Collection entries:
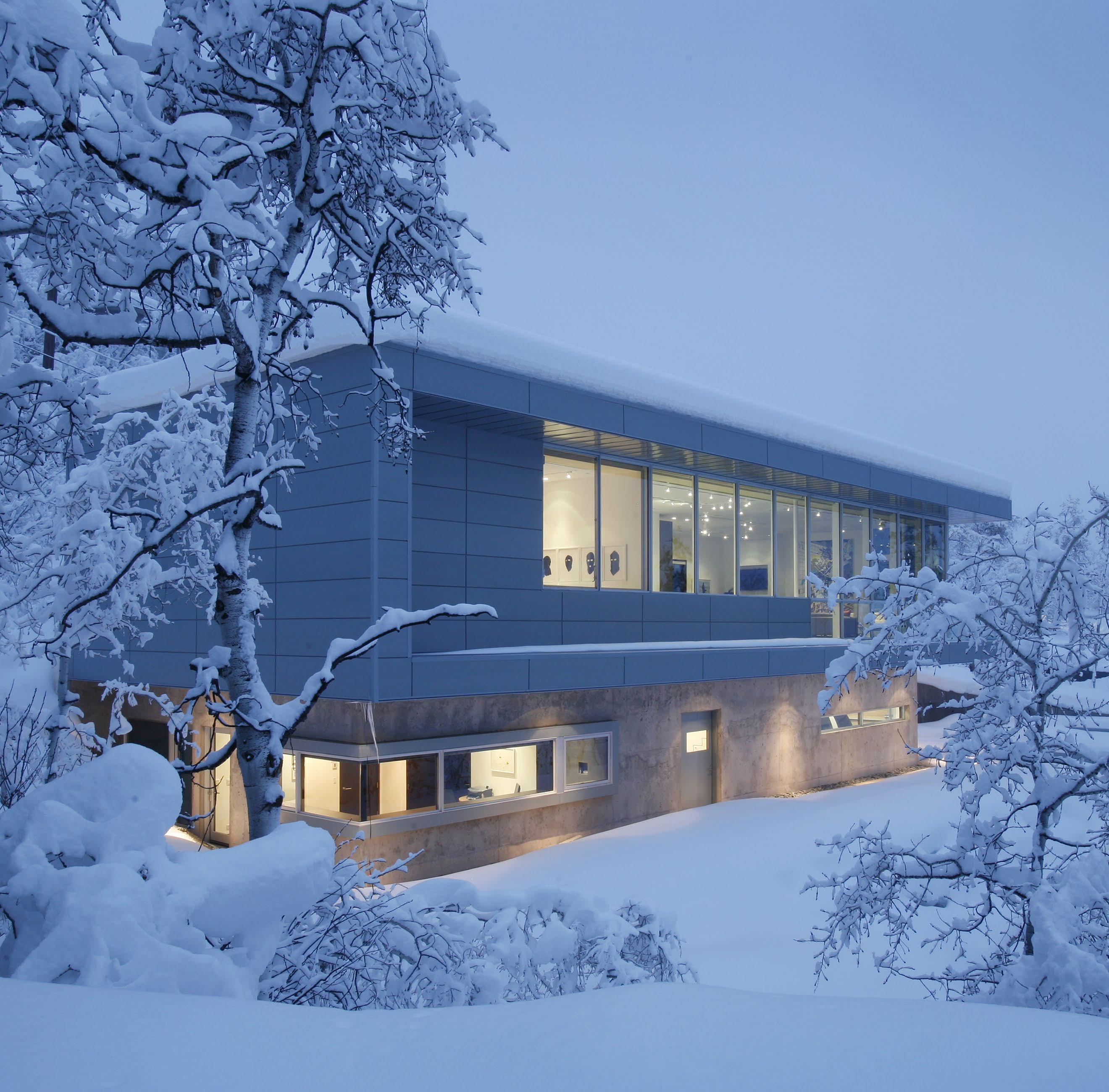 The Scholl house takes its cues from the 1950’s ‘Case Study’ architectural house series and resists the prevailing mountain vernacular The steeply confined site posed challenges with excavation, topography, drainage, restrictive easements and was required to address strict subdivision design covenants. The clients are avid collectors of videography and photography and requested a design solution that could exhibit their expanding and revolving collection
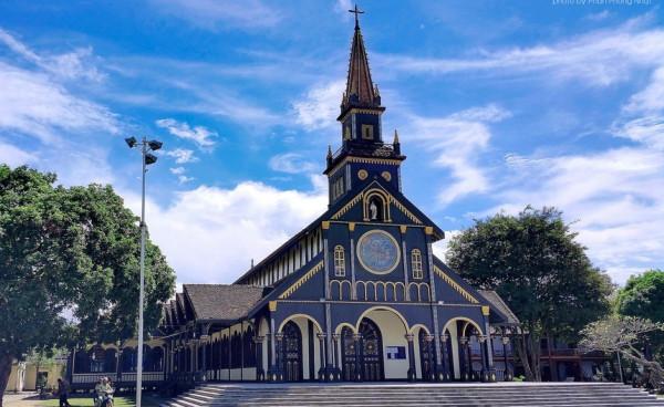 Nhà thờ đươc xây dựng vào năm 1913 bởi các linh mục người Pháp, hiện nay dùng làm nhà thờ chính tòa, nơi đặt ngai tòa của vị giám mục giáo phận Kon Tum. Nhà thờ là sự kết hợp giữa phong cách châu Âu và nét văn hóa của Tây Nguyên Việt Nam, bởi có kiến trúc Roman kết hợp với kiến trúc nhà sàn của người Ba Na.
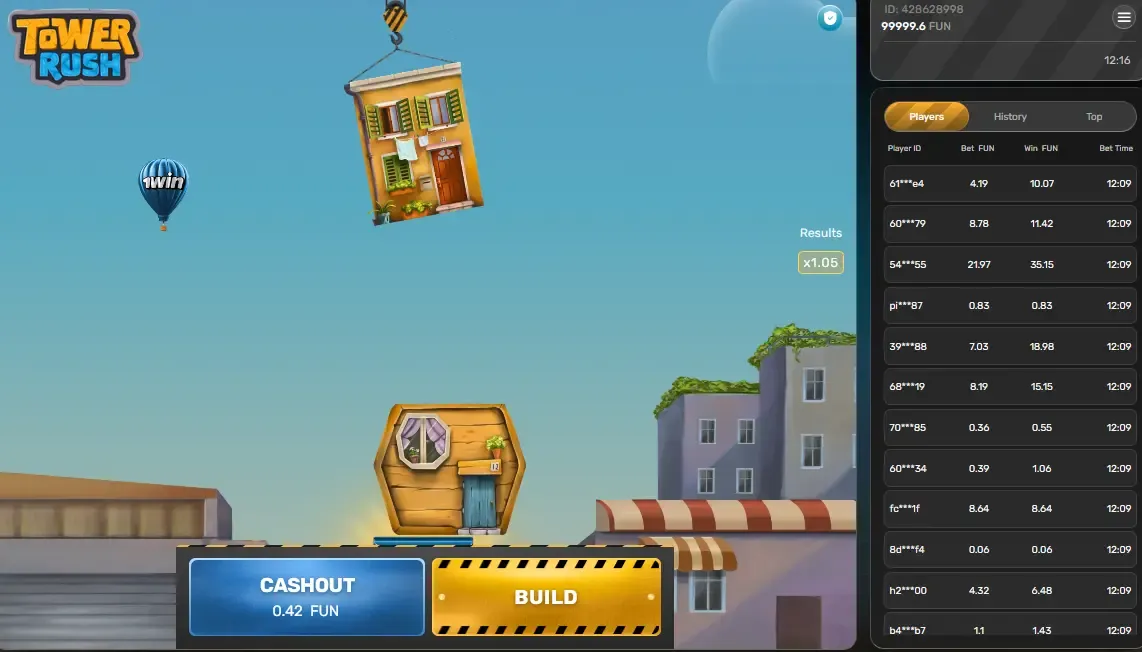 1Win OтАЩzbekiston oтАЩyinchilari uchun Galaxsys kompaniyasidan Tower Rush тАУ nostaljik qurilish oтАЩyinlarini zamonaviy qimor mexanikalari bilan birlashtirgan hayajonli mahsulotni taqdim etadi. Ushbu innovatsion oтАЩyin sizdan qavat-qavat minoralari qurishni talab qiladi, bu yerda har bir muvaffaqiyatli joylashtirish multiplikatoringizni oshiradi va yutuq imkoniyatlarini kengaytiradi. 100 soтАЩmdan 10,000,000 soтАЩmgacha moslashuvchan stavkalar, 96.12% dan 97% gacha yuqori qaytarish darajasi va uchta noyob bonus funksiyalari bilan Tower Rush ham ehtiyotkor qurilish quruvchilar, ham dadil tavakkalchilar uchun ajoyib oтАЩyin tajribasini taqdim etadi.
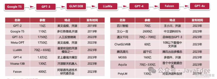 从这个发展上的角度来讲的话,那么大模型最早上节讲了它的一个发展,那我们可以从那个成品上面来看。那基本上在2017年左右吧,其实最早所有的大模型其实都是基于谷歌的,这个Transformer技术啊,也就是我们Transformer架构来设计的。那么,大概在2017年左右的时候,谷歌发布了它的T5模型啊,就以T5这个为代表吧,后续不断的具有新的这样大语言模型衍生出来。包括GPT-2、GPT-3、GLM-130B以Facebook为代表的这个开源的LaMa,还有后来的GPT-4以及说这个我们中东的科研机构开发的这个FanCL以及最新的我们的GPT的四的版本,包括多模态模型,还有它最新的大窗口模型啊,都是在最近在更新的。
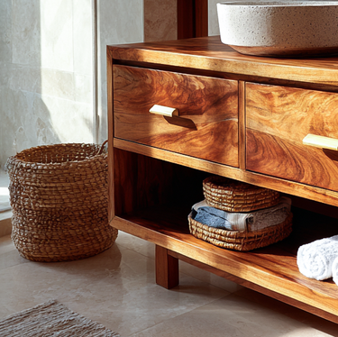 Warm natural tones shape the Modern Bathroom Vanity For Spa Or Bathroom Decor into a grounded and visually engaging element within the bathroom. The solid wood body introduces depth through expressive grain movement, while the structured form keeps the overall presence calm and composed. Positioned beneath a vessel sink, the vanity creates a balanced surface that supports everyday routines while adding material richness to the space.
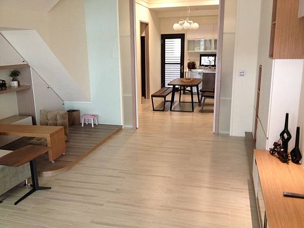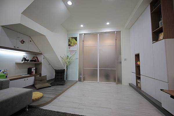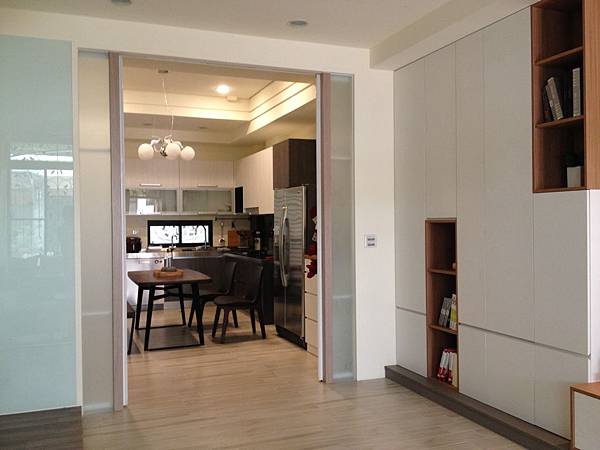 - 整體櫃子採白色與木頭色做呼應,一直延伸至大門入口,別有一番風味。

**What the task asks:** Retype the line containing "1Win OтАЩzbekiston oтАЩyinchilari" and each line after it through the last line of the entries above, exactly, with no pictures and nothing else.

**Your solution:**
 1Win OтАЩzbekiston oтАЩyinchilari uchun Galaxsys kompaniyasidan Tower Rush тАУ nostaljik qurilish oтАЩyinlarini zamonaviy qimor mexanikalari bilan birlashtirgan hayajonli mahsulotni taqdim etadi. Ushbu innovatsion oтАЩyin sizdan qavat-qavat minoralari qurishni talab qiladi, bu yerda har bir muvaffaqiyatli joylashtirish multiplikatoringizni oshiradi va yutuq imkoniyatlarini kengaytiradi. 100 soтАЩmdan 10,000,000 soтАЩmgacha moslashuvchan stavkalar, 96.12% dan 97% gacha yuqori qaytarish darajasi va uchta noyob bonus funksiyalari bilan Tower Rush ham ehtiyotkor qurilish quruvchilar, ham dadil tavakkalchilar uchun ajoyib oтАЩyin tajribasini taqdim etadi.
 从这个发展上的角度来讲的话,那么大模型最早上节讲了它的一个发展,那我们可以从那个成品上面来看。那基本上在2017年左右吧,其实最早所有的大模型其实都是基于谷歌的,这个Transformer技术啊,也就是我们Transformer架构来设计的。那么,大概在2017年左右的时候,谷歌发布了它的T5模型啊,就以T5这个为代表吧,后续不断的具有新的这样大语言模型衍生出来。包括GPT-2、GPT-3、GLM-130B以Facebook为代表的这个开源的LaMa,还有后来的GPT-4以及说这个我们中东的科研机构开发的这个FanCL以及最新的我们的GPT的四的版本,包括多模态模型,还有它最新的大窗口模型啊,都是在最近在更新的。
 Warm natural tones shape the Modern Bathroom Vanity For Spa Or Bathroom Decor into a grounded and visually engaging element within the bathroom. The solid wood body introduces depth through expressive grain movement, while the structured form keeps the overall presence calm and composed. Positioned beneath a vessel sink, the vanity creates a balanced surface that supports everyday routines while adding material richness to the space.
 - 整體櫃子採白色與木頭色做呼應,一直延伸至大門入口,別有一番風味。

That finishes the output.